If the rabbis concerned themselves with such issues as wine mixed with water being sold in local shops, how much stronger would their reaction have been to conflict diamonds, whose very sale is mixed with blood and death.(Press Statement, Rabbi David Saperstein, February 15, 2001)

Longstanding policies of Women of Reform Judaism stress human rights and the value of individual safety and well-being. The WRJ Board of Directors, deeply concerned about the horrors engendered in African civil strife that is funded by the sale of illegal diamonds, calls for government action to prevent the importation of such diamonds to the United States.

Over the past decade, fueled by power-seeking, poverty, famine, disease, as well as tribal and ethnic enmity, warfare has been widespread in many parts of Africa, creating enormous suffering for millions. Where the conflicts are funded by the theft, smuggling, and sale of illegal diamonds for the purchase of weapons and military supplies, such as in Angola, Sierra Leone, and the Democratic Republic of the Congo, instability and bloodshed are perpetuated. Many thousands of men, women, and children have been slaughtered, mutilated, or raped; rebel groups that are funded by illegal diamonds have forced villagers into combat, slavery, or sexual slavery.

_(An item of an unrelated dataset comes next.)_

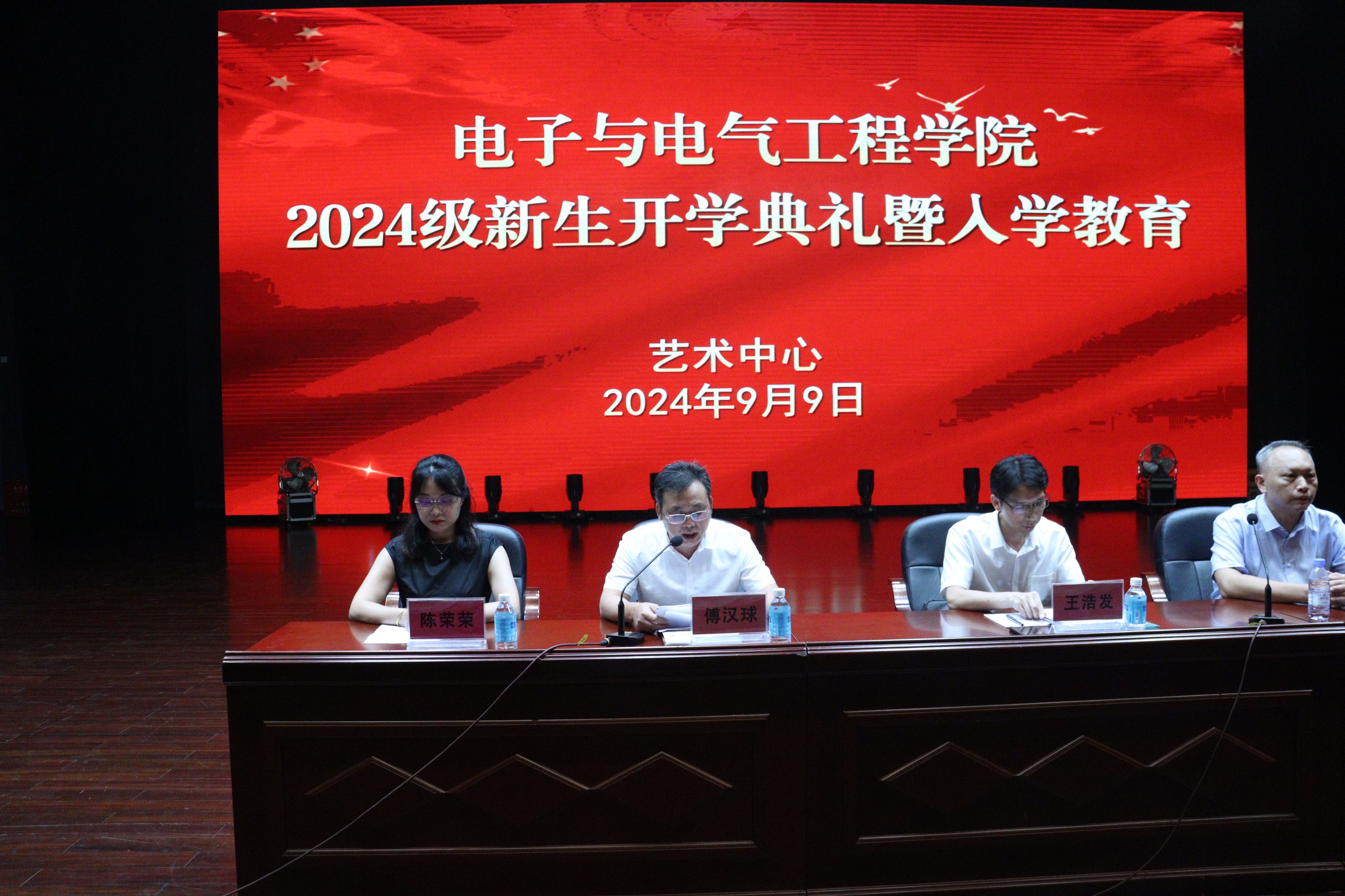 【本网讯】9月9日晚上,taptap点点官方网站在taptap点点官方网站艺术中心(剧场)隆重举行2024级新生开学典礼暨入学教育大会。学院党委书记王浩发、院长陈庆华、副书记傅汉球、副院长刘立程、电子系主任陈荣荣等出席大会并在主席台就座,教学系中心主任、教师代表、新生班主任、辅导员老师以及带班党员、老生代表、2024级全体新生共400多人参加开学典礼。大会由傅汉球主持。

An international diamond certification system, known as the Kimberly process, is being developed, which would enable the exclusion of conflict diamonds from the international market. A recent meeting of the Kimberly Process dealt with several provisions, including independent monitoring and a standard statistical database. The United States has not yet endorsed the provisions of the Kimberly process. In addition, the Clean Diamond Act, currently in Congress, would set up restrictions on the importing of diamonds from countries that have not implemented a system of control over their diamond supplies, thus ending the funding source for the brutal imposition of carnage.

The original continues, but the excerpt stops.